Your answer must be only the lines below from the one containing "Under Overcast Sky" through the one containing "中学部根植于中华优秀传统文化", copied exactly, with the pictures left out.

### ENTRIES SHOWN

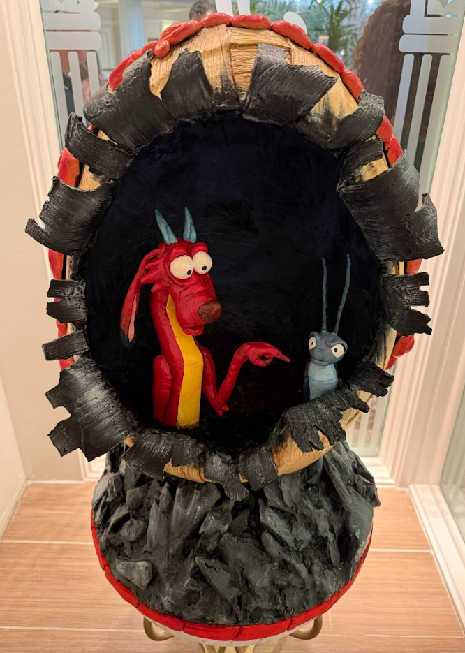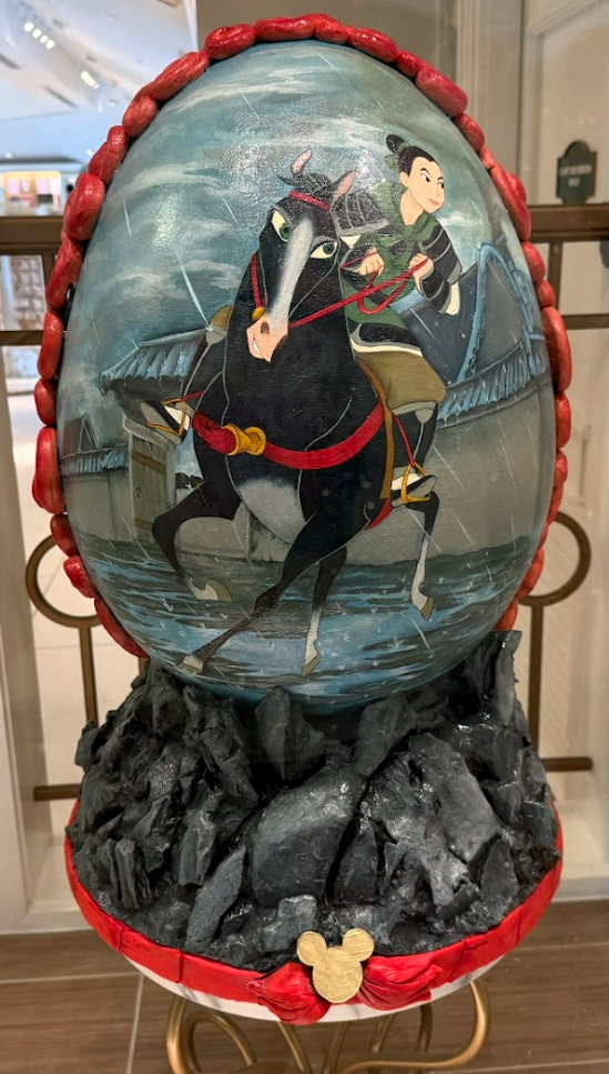 A Mulan egg features the warrior in full armor atop her horse, Khan. The back of the egg appears to have exploded open to reveal Mushu and Cri-kee inside.
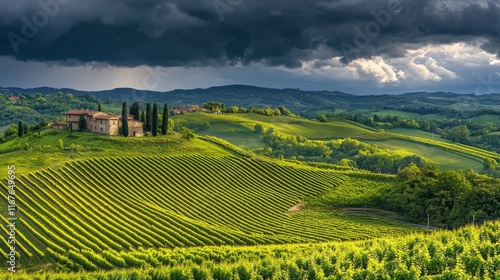 © AmStock, Fototapeta premium Lush Vineyard Under Overcast Sky
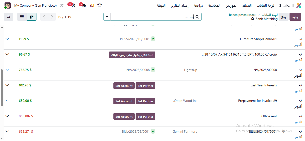 تمت إعادة تصميم عملية تسوية الحسابات البنكية بالكامل في Odoo 19 لتصبح أكثر سهولة وسرعة.
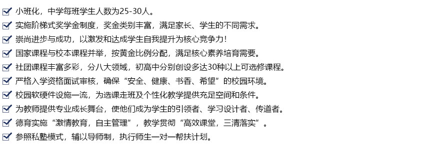 中学部根植于中华优秀传统文化,借鉴融合世界教育之优,致力于培养学生终身受益的良好习惯、掌握行之有效的学习方法、形成自主发展的创新能力。我们崇尚“进步就是成功,进步就是优秀”,实施“爱的教育,行的规矩”,为学生创设“安全、健康、书香、希望”的校园环境,学校提供丰富多彩的课程体系,帮助学生成长,鼓励学生进步,唤醒学生梦想,最终实现启迪智慧、涵养品性、激活动力,觉醒生命!
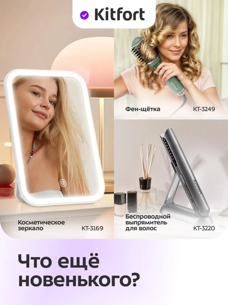 С косметическим зеркалом Kitfort KT-4120 нанесение макияжа и проведение косметических процедур станет удобнее. Благодаря пластиковой подставке зеркало устанавливается на стол, и вам не нужно держать его в руках во время косметических процедур. При необходимости вы также можете повесить устройство на стену, сняв его с подставки и надев стойку на крючок. Угол наклона зеркальной поверхности регулируется. Контурная подсветка центрального зеркала поможет лучше разглядеть все мелкие детали даже в условиях недостаточного освещения в помещении.
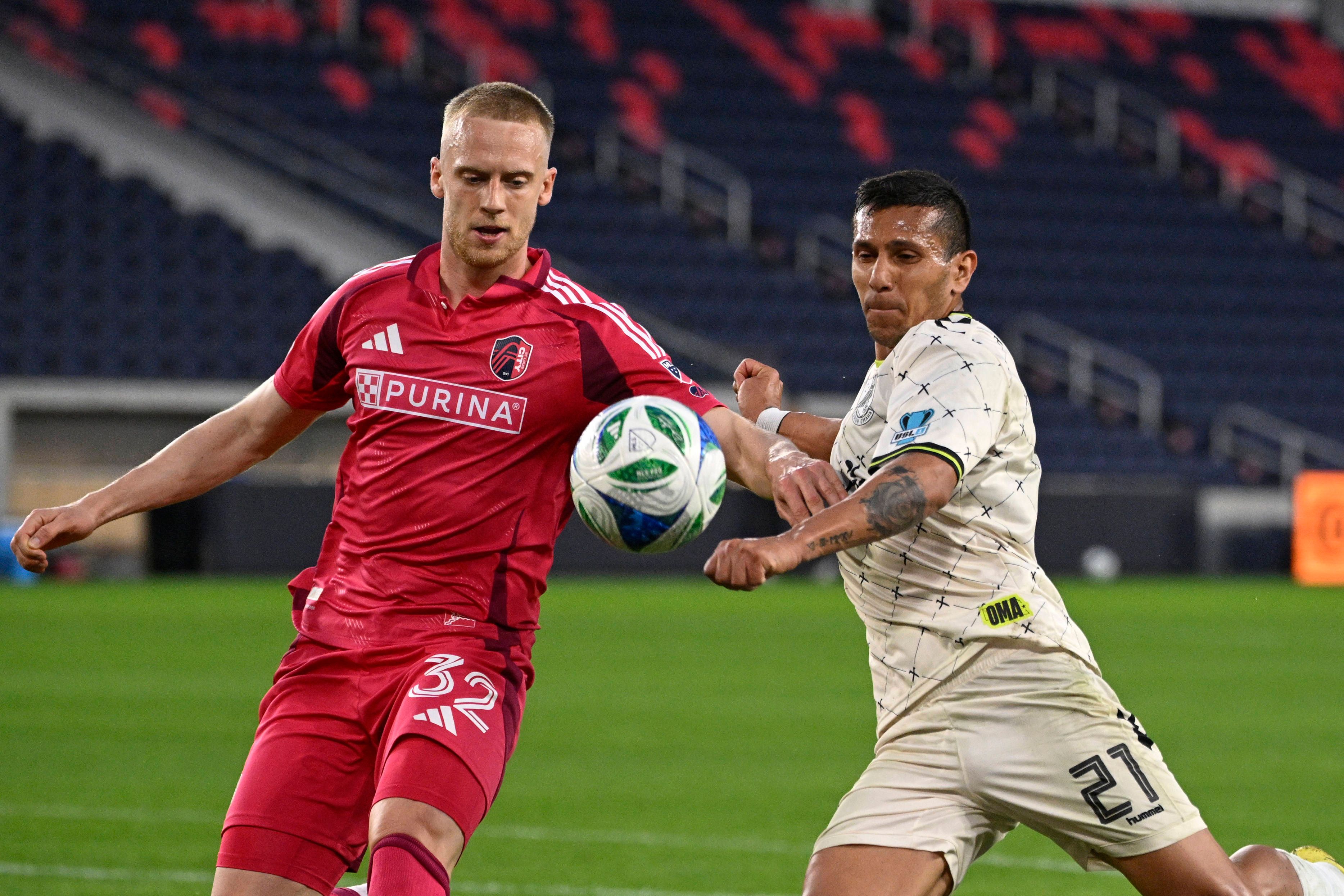 Soccer: US Open Cup-Round of 32-Union Omaha at St. Louis CITY FC May 7, 2025; St. Louis, Missouri, USA; St. Louis City defender Timo Baumgartl (32) and Union Omaha forward Aaron Gomez (21) battle f...
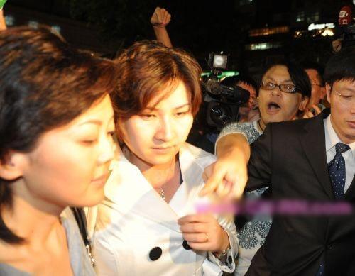 吳伯雄5日晚在晶華酒店宴請(qǐng)陳云林,“嗆聲”民眾包圍飯店數(shù)度沖撞,還圍堵央視主播柴璐(左一)等媒體人員。
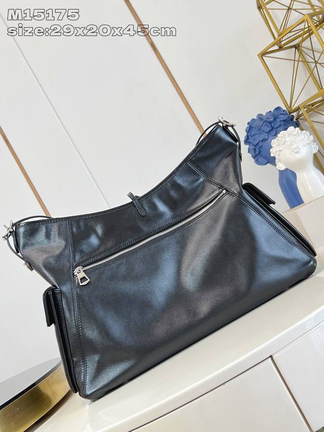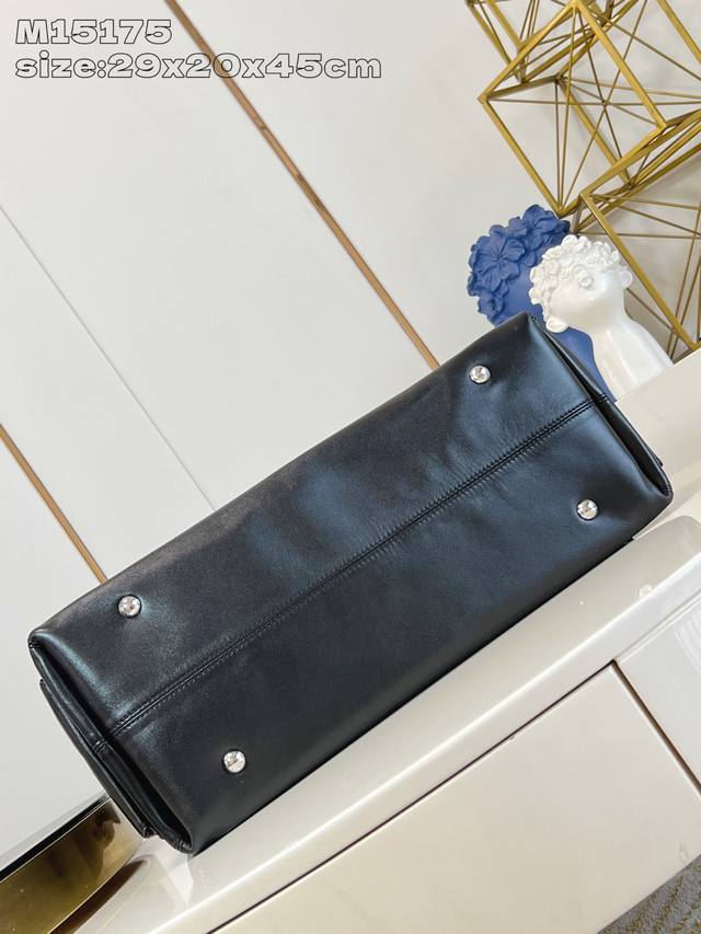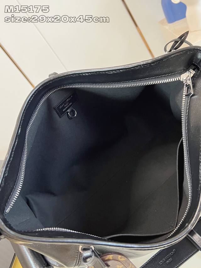 Exclusive photo M15175 This Carry All Travel Bag is crafted from soft cowhide leather , featuring Monogram canvas accents on the branding and lining, making it an elegant travel companion. Multiple pockets, including side compartments, highlight its functional design, while a removable and adjustable shoulder strap ensures comfortable carrying. Dimensions: 29 x 20 x 45 cm (H x W x L)

######

* [RESPONSE AREA]
 © AmStock, Fototapeta premium Lush Vineyard Under Overcast Sky
 تمت إعادة تصميم عملية تسوية الحسابات البنكية بالكامل في Odoo 19 لتصبح أكثر سهولة وسرعة.
 中学部根植于中华优秀传统文化,借鉴融合世界教育之优,致力于培养学生终身受益的良好习惯、掌握行之有效的学习方法、形成自主发展的创新能力。我们崇尚“进步就是成功,进步就是优秀”,实施“爱的教育,行的规矩”,为学生创设“安全、健康、书香、希望”的校园环境,学校提供丰富多彩的课程体系,帮助学生成长,鼓励学生进步,唤醒学生梦想,最终实现启迪智慧、涵养品性、激活动力,觉醒生命!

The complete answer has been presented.